Шли наезженными дорогами, но больше целинными снегами, местами чуть ли не в пояс. Несли на себе пулеметы, минометы, ПТР, боеприпасы. Полковой обоз поднять всего нужного не мог, а война была прожорливой.

Проходили километров по тридцать пять — сорок в сутки. Еще там, за Волгой, при посадке, уже в вагонах и при выгрузке из них, когда на месте их короткого колесного жилья остались лишь утратившая свою свежесть и принявшая солдатский запах солома, клочки бумаги, тесемочки равные, уже остывшая и почужавшая для них печка, все испытывали прилив беспричинного и тревожного веселья, каким заполняется ожидание и гасится страх перед неизвестностью. Солдаты беззлобно поругивались, охотно отзывались на шутку, высказывали преувеличенную деловитость и заботливость ко всему. И вся эта предмаршевая суета, сухой хруст снега под валенками, готовность ко всему, какой одевались лица солдат перед тем, что их ждет, говорили об объединенности этих людей и привычности к своей нелегкой жизни. Однако недельный марш более чем в двести километров, режущее сияние снегов, распухшие глаза, непроходившее окаменение в плечах от пулеметов, минометов, плохое питание, усталость за три месяца уходящей зимы и вообще за всю ту войну, какая уже осталась за их плечами, переплавлялись в равнодушие и безразличие. Исчезали шутки, смех. Люди были поглощены конкретными сиюминутными заботами.
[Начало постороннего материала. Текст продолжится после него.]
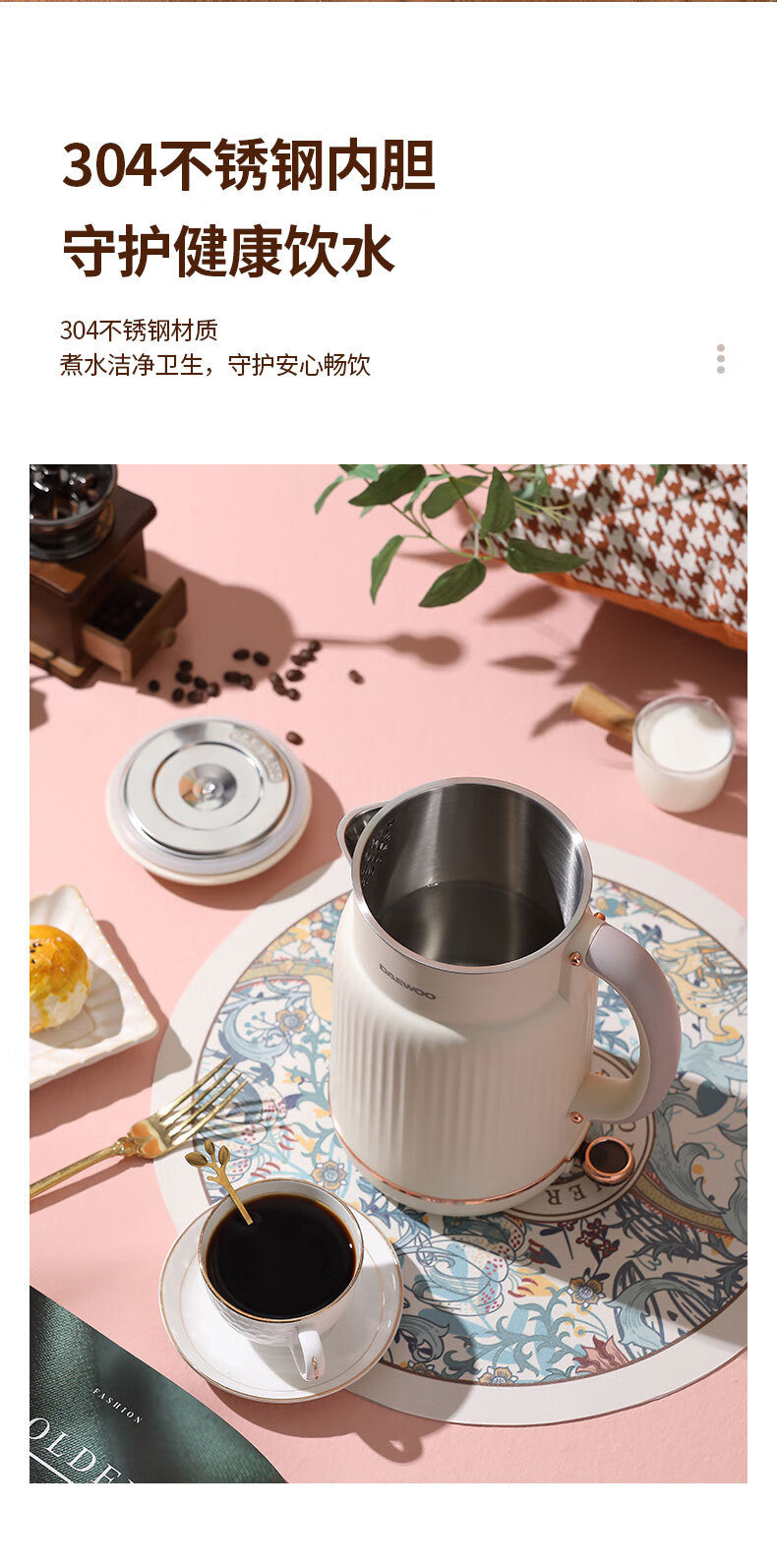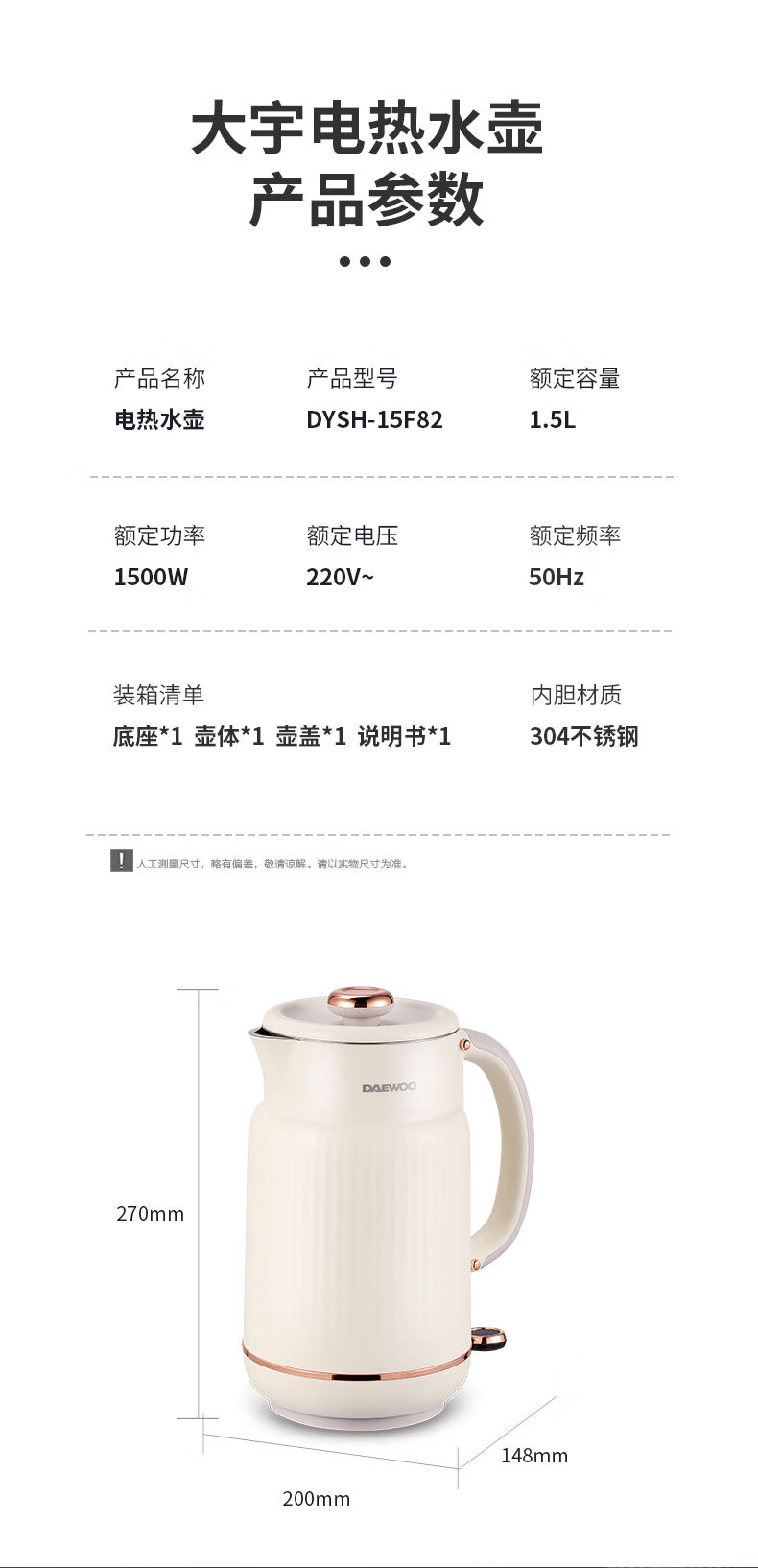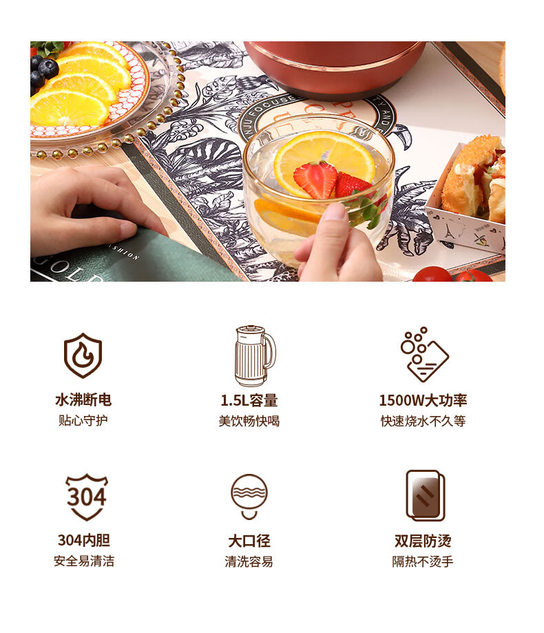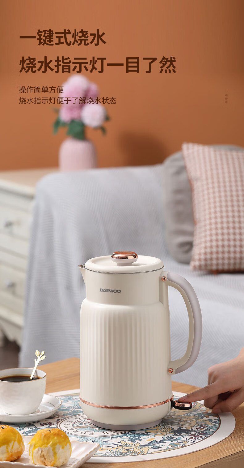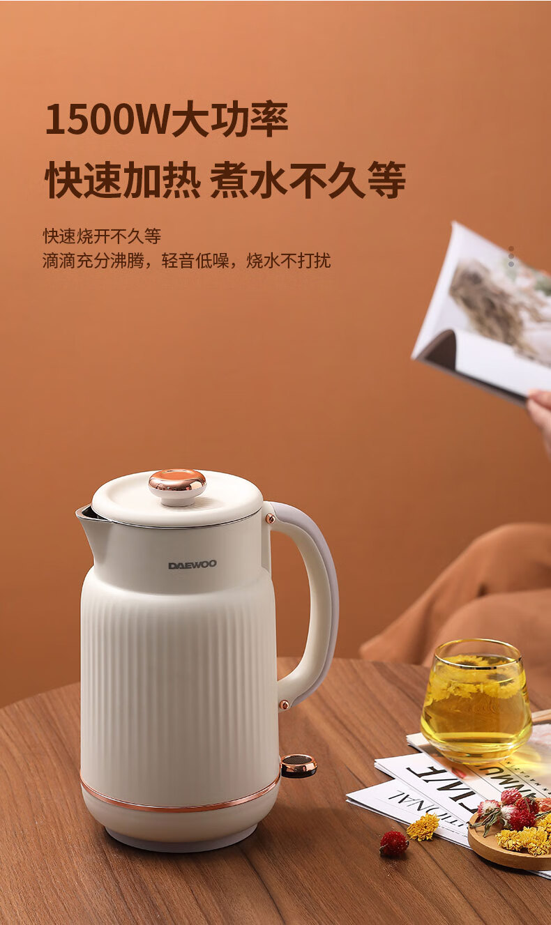 大宇(DAEWOO) 电热水壶家用双层防烫304不锈钢内胆开水壶_DYSH-15F82
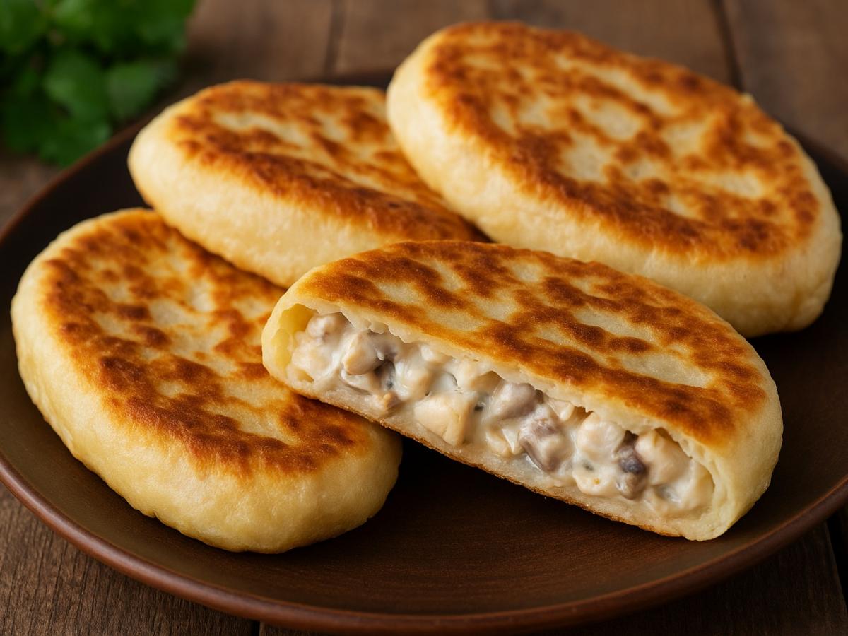 Если хочется приготовить что-то вкусное, но без долгого стояния у плиты, кефирные лепёшки с курицей и грибами — идеальное решение. Они получаются мягкими, румяными и очень ароматными, а внутри скрывается сливочная начинка с сыром. Блюдо сочетает простоту домашней выпечки и насыщенность ресторанного вкуса.
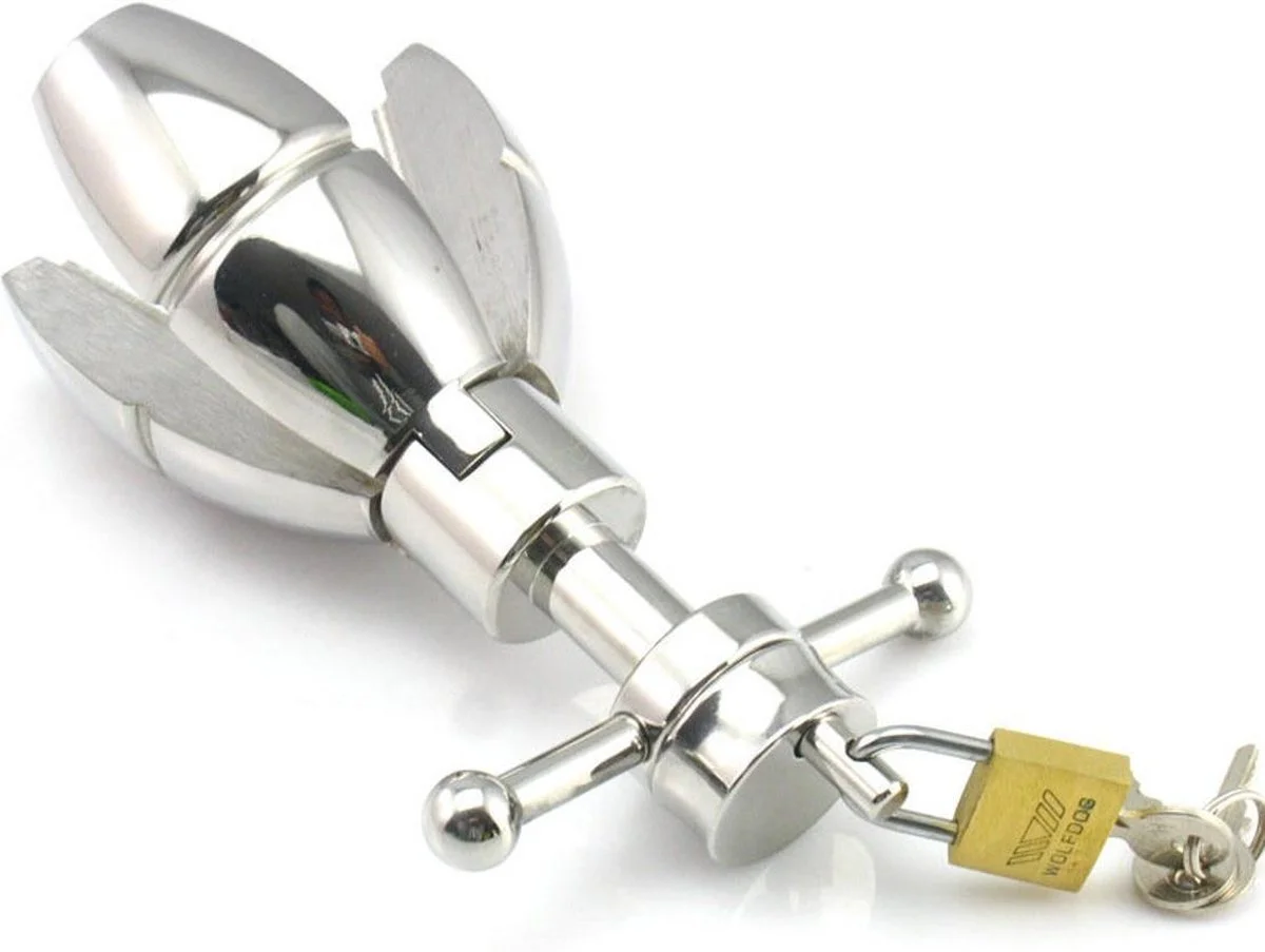 Breng de roestvrijstalen butt-plug eenvoudig in met wat glijmiddel, waarna de pen aan het uiteinde wordt uitgetrokken en de plug zich uitspreidt en stevig op zijn plaats zit.
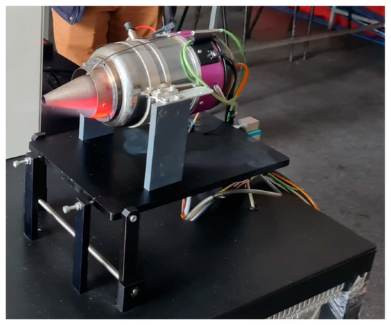 The experimental setup, methodologies, equipment, and testing protocol are detailed in the subsequent section. The experiments were carried out utilizing a Jet CAT P80® turbo-engine [24], illustrated in Figure 1.

По горизонту все время дремотно погромыхивало, то удаляясь и стихая, то приближаясь и вновь нарастая, словно раскачивались огромные небесные качели. Люди поднимали головы на этот гром, оглядывали скрипучие, повозки, сани, равномерное до одурения колыхание рядов, дремавшие в синеве снегов села по горизонту и все это стылое царство под низким небом, успокаивались, уже совершенно точно зная, как они поведут себя, когда эта качели приблизятся к ним.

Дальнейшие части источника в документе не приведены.